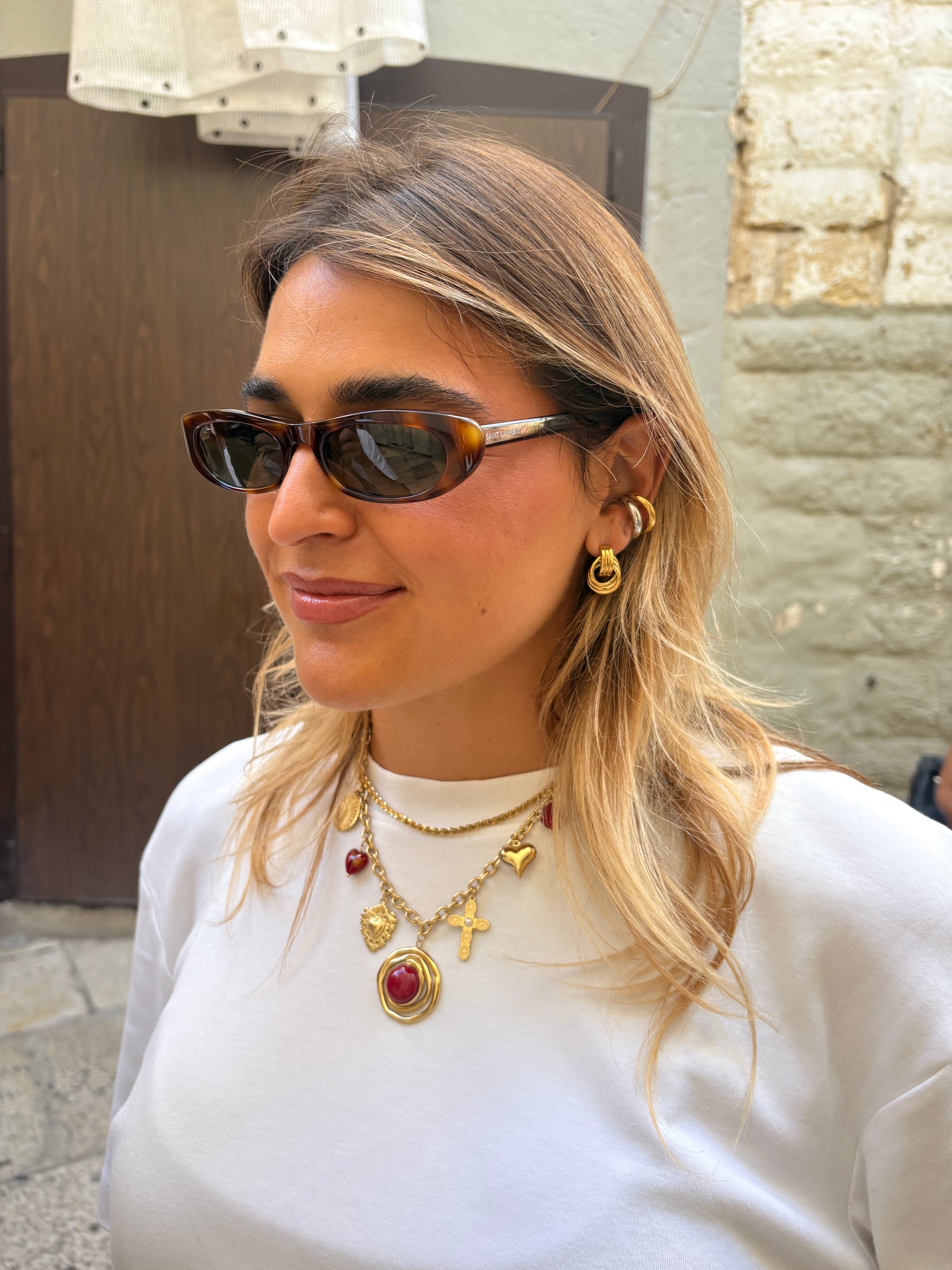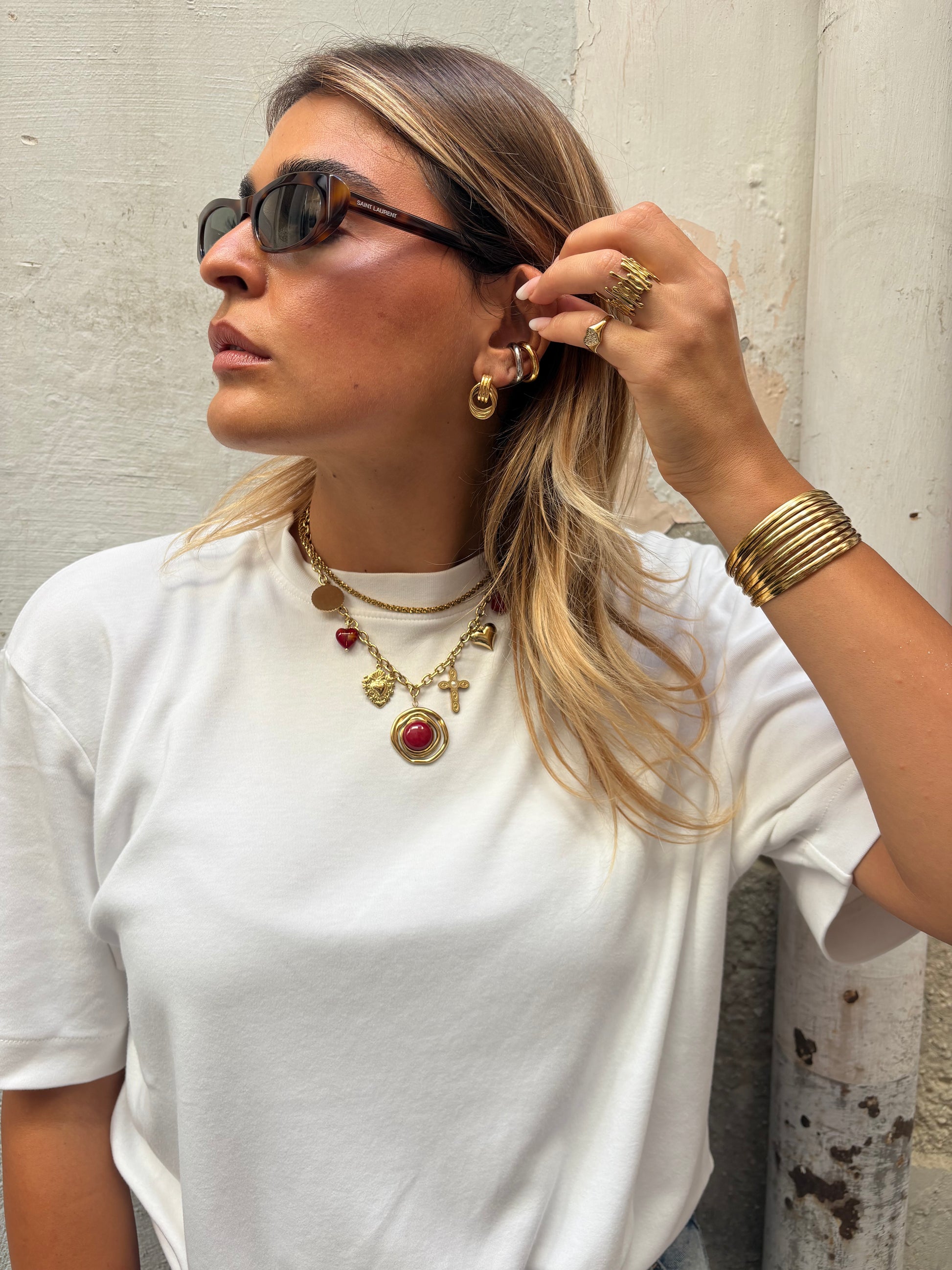 Collana con multi charms in acciaio inossidabile e pietre sintetiche e perle.
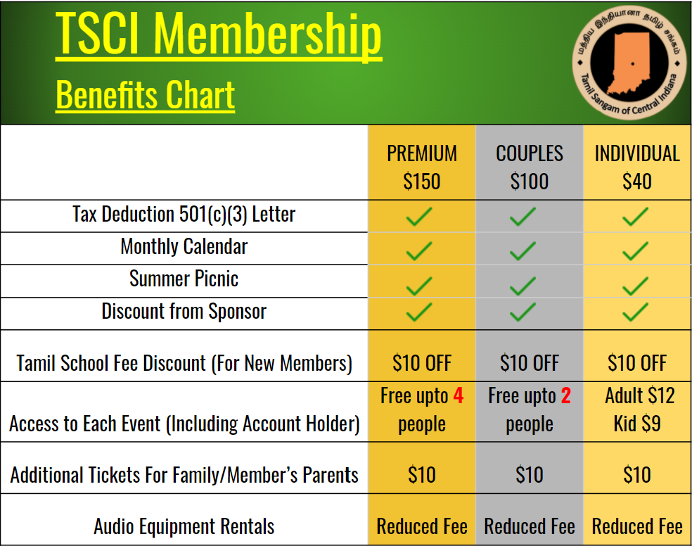 • Discounted tickets for special events arranged by other organizations that are sponsored / supported by the Tamil Sangam.
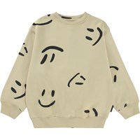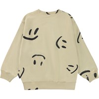 Beige sweater met een zwarte print van grote gezichten die de hele dag blij zijn. Deze sweater is van 100% katoen, heeft een ronde hals met een ribboor, ribboord aan de mouwen en onderkant en het heeft een ruimvallende pasvorm. Voor de perfecte set draag je de sweater met de Adan joggingbroek die dezelfde print heeft.
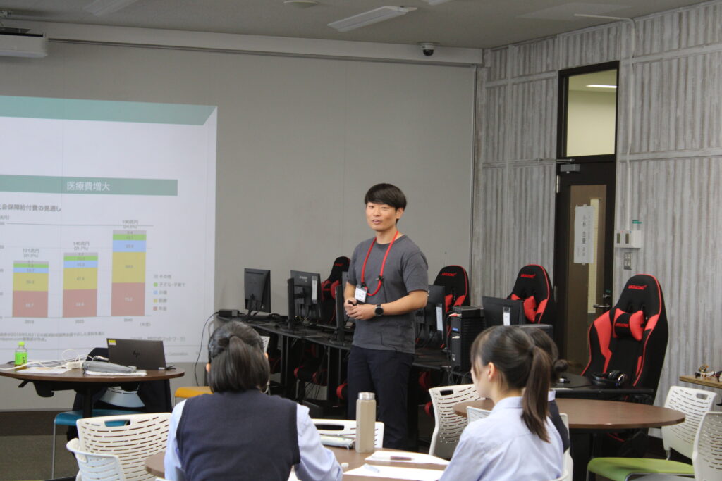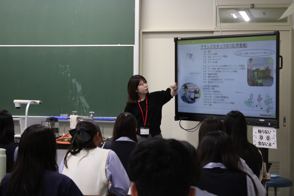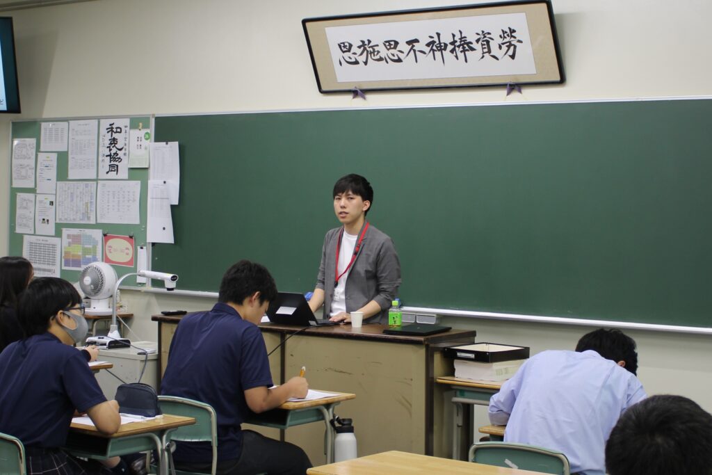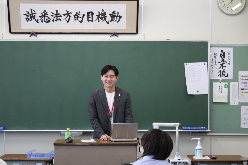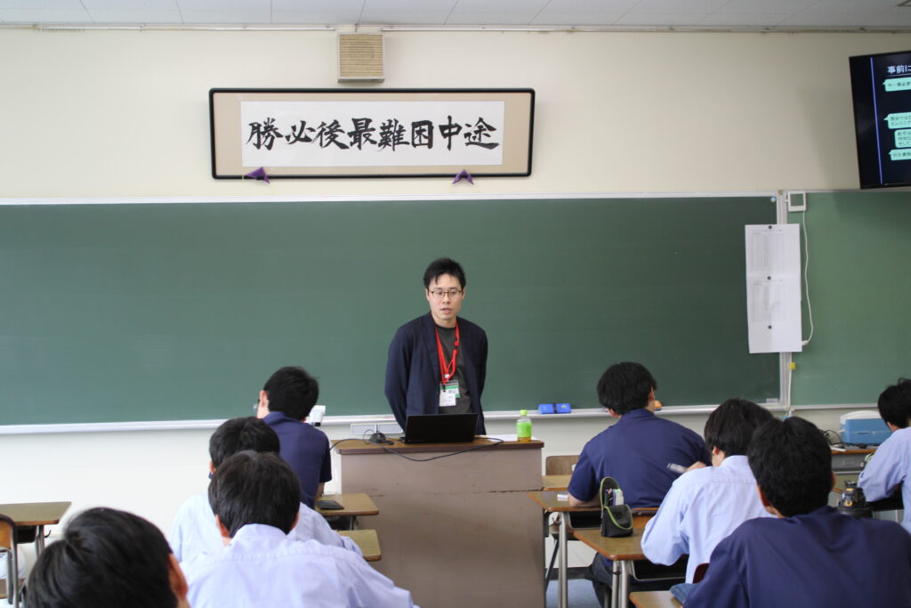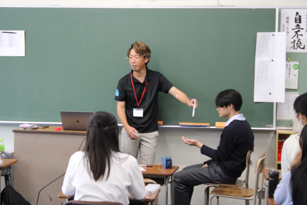 その後、生徒は自分の希望する職種に分かれて卒業生からの講演を聞きました。ふだんなかなか聞くことができない話を、卒業生の先輩から聞くことができ、生徒たちも前のめりで話を聞いていました。高校卒業後に何故その職業に就くことになったのか、職業に就くまでにどのようなことを学んだのか、日々の業務の中でのやりがいや苦労など、生徒たちは多くのことを学ぶことができました。講演終了後、個別に質問をする生徒に対しても丁寧に対応していただきました。
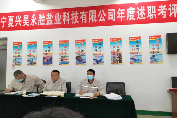 2022年12月4日上午,寧夏興昊永勝鹽業(yè)科技有限公司組織召開2022年度管理人員述職考評會,聽取管理人員履職情況、管理目標和重點工作完成情況、分管工作和本人履職中存在問題及下一年的工作思路。
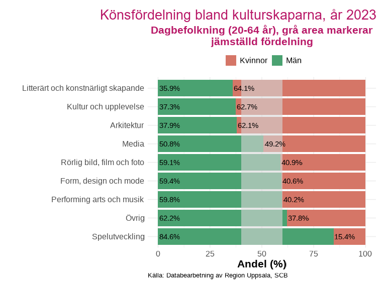 Fyra av ämnesområdena infaller i en jämställd könsfördelning på mellan 40 - 60 %. Den kategori som har den skevaste könsfördelningen är spelutveckling där 84,6 % av alla kulturskapare i länet är män.
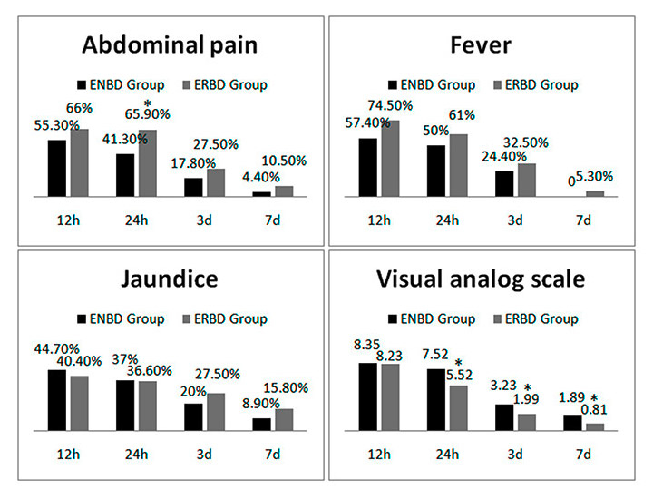 Rates of abdominal pain, fever and jaundice 12 hours, 24 hours, 3 days and 7 days after endoscopic retrograde cholangiopancreatography in the endoscopic nasobiliary drainage (ENBD) and endoscopic retrobiliary drainage (ERBD) groups.
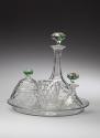 Label TextPopular in Europe from the 17th to the 19th centuries, water sets, or verres d’eau, were used to serve water sweetened with sugar and other flavors. Sugar was expensive before the second half of the 19th century, and not many could afford this sweetened beverage. Accordingly, the luxurious utensils necessary for this habit displayed the wealth of their owners. This set includes a large decanter for water, a covered sugar bowl, a small decanter for a flavored liquid such as rosewater or essence of orange flowers, and a tumbler for drinking the mixture.Published ReferencesMallett, The 19th Century, 2001, p.10.
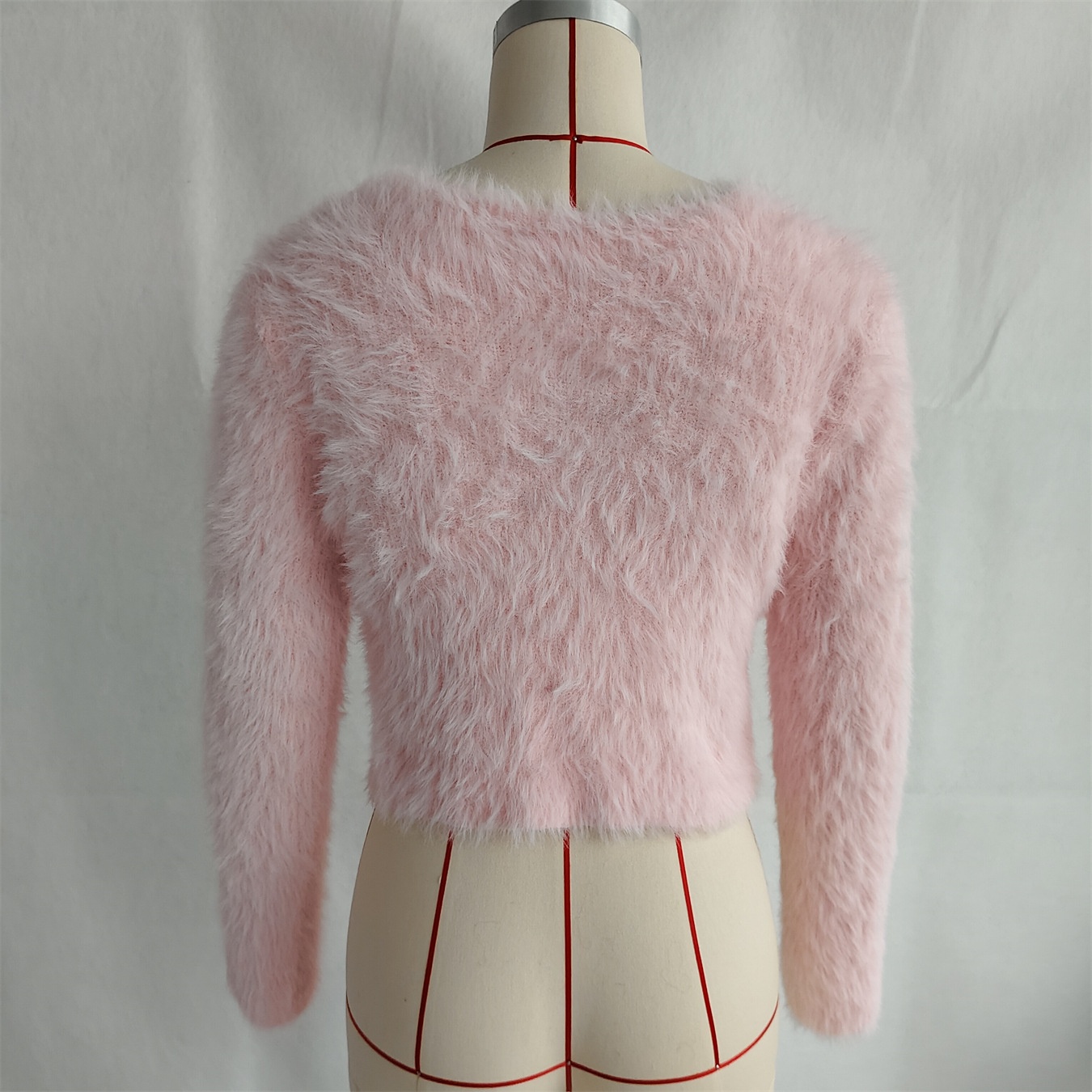 Commuter Cute Heart Button Solid Color Mink-like Knitted Cardigan Sweater
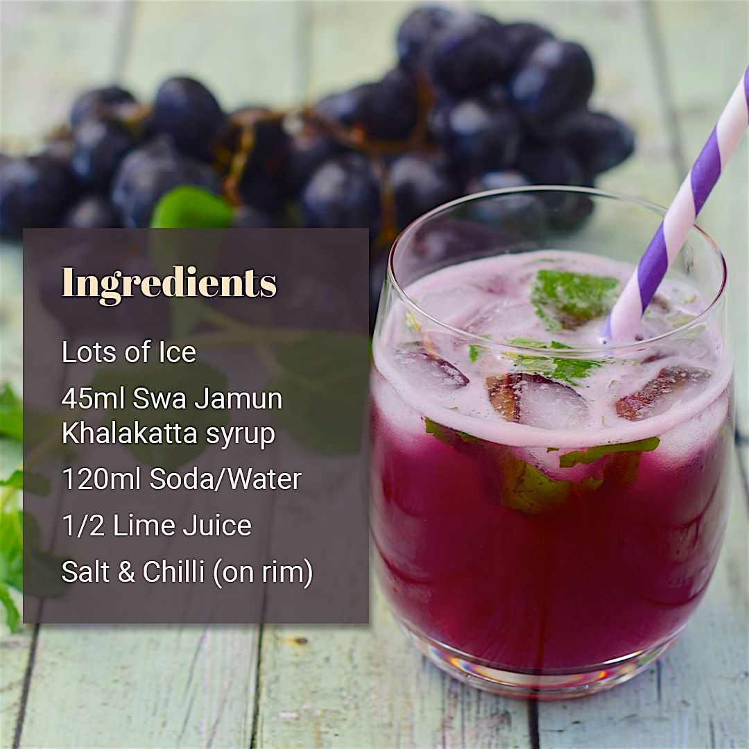 You can add one part Swa Jamun Kala Khatta to six parts of water and ice to whip up a simple yet delicious Jamun mocktail.
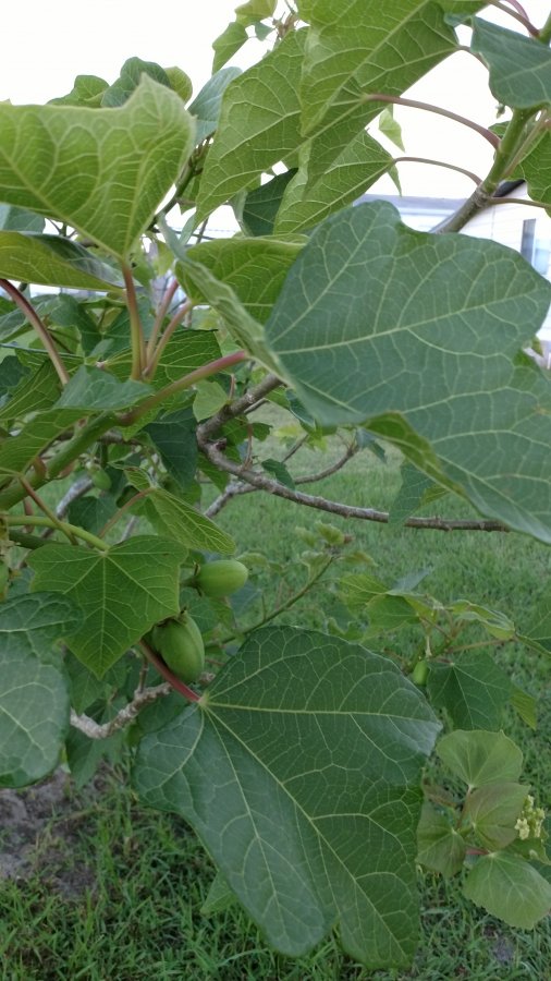 Looks like Jatopha curcas, some of the common names include Barbados nut, curcas bean, Brazilian stinging nut, etc… Check out the link below for more information. Best wishes! https://keyserver.lucidcentral.org/weeds/data/media/Html/jatropha_curcas.htm

**Description of the task:** Restate the material word for word; no picture should appear in the copy.

**Answer:**
 Collana con multi charms in acciaio inossidabile e pietre sintetiche e perle.
 • Discounted tickets for special events arranged by other organizations that are sponsored / supported by the Tamil Sangam.
 Beige sweater met een zwarte print van grote gezichten die de hele dag blij zijn. Deze sweater is van 100% katoen, heeft een ronde hals met een ribboor, ribboord aan de mouwen en onderkant en het heeft een ruimvallende pasvorm. Voor de perfecte set draag je de sweater met de Adan joggingbroek die dezelfde print heeft.
 その後、生徒は自分の希望する職種に分かれて卒業生からの講演を聞きました。ふだんなかなか聞くことができない話を、卒業生の先輩から聞くことができ、生徒たちも前のめりで話を聞いていました。高校卒業後に何故その職業に就くことになったのか、職業に就くまでにどのようなことを学んだのか、日々の業務の中でのやりがいや苦労など、生徒たちは多くのことを学ぶことができました。講演終了後、個別に質問をする生徒に対しても丁寧に対応していただきました。
 2022年12月4日上午,寧夏興昊永勝鹽業(yè)科技有限公司組織召開2022年度管理人員述職考評會,聽取管理人員履職情況、管理目標和重點工作完成情況、分管工作和本人履職中存在問題及下一年的工作思路。
 Fyra av ämnesområdena infaller i en jämställd könsfördelning på mellan 40 - 60 %. Den kategori som har den skevaste könsfördelningen är spelutveckling där 84,6 % av alla kulturskapare i länet är män.
 Rates of abdominal pain, fever and jaundice 12 hours, 24 hours, 3 days and 7 days after endoscopic retrograde cholangiopancreatography in the endoscopic nasobiliary drainage (ENBD) and endoscopic retrobiliary drainage (ERBD) groups.
 Label TextPopular in Europe from the 17th to the 19th centuries, water sets, or verres d’eau, were used to serve water sweetened with sugar and other flavors. Sugar was expensive before the second half of the 19th century, and not many could afford this sweetened beverage. Accordingly, the luxurious utensils necessary for this habit displayed the wealth of their owners. This set includes a large decanter for water, a covered sugar bowl, a small decanter for a flavored liquid such as rosewater or essence of orange flowers, and a tumbler for drinking the mixture.Published ReferencesMallett, The 19th Century, 2001, p.10.
 Commuter Cute Heart Button Solid Color Mink-like Knitted Cardigan Sweater
 You can add one part Swa Jamun Kala Khatta to six parts of water and ice to whip up a simple yet delicious Jamun mocktail.
 Looks like Jatopha curcas, some of the common names include Barbados nut, curcas bean, Brazilian stinging nut, etc… Check out the link below for more information. Best wishes! https://keyserver.lucidcentral.org/weeds/data/media/Html/jatropha_curcas.htm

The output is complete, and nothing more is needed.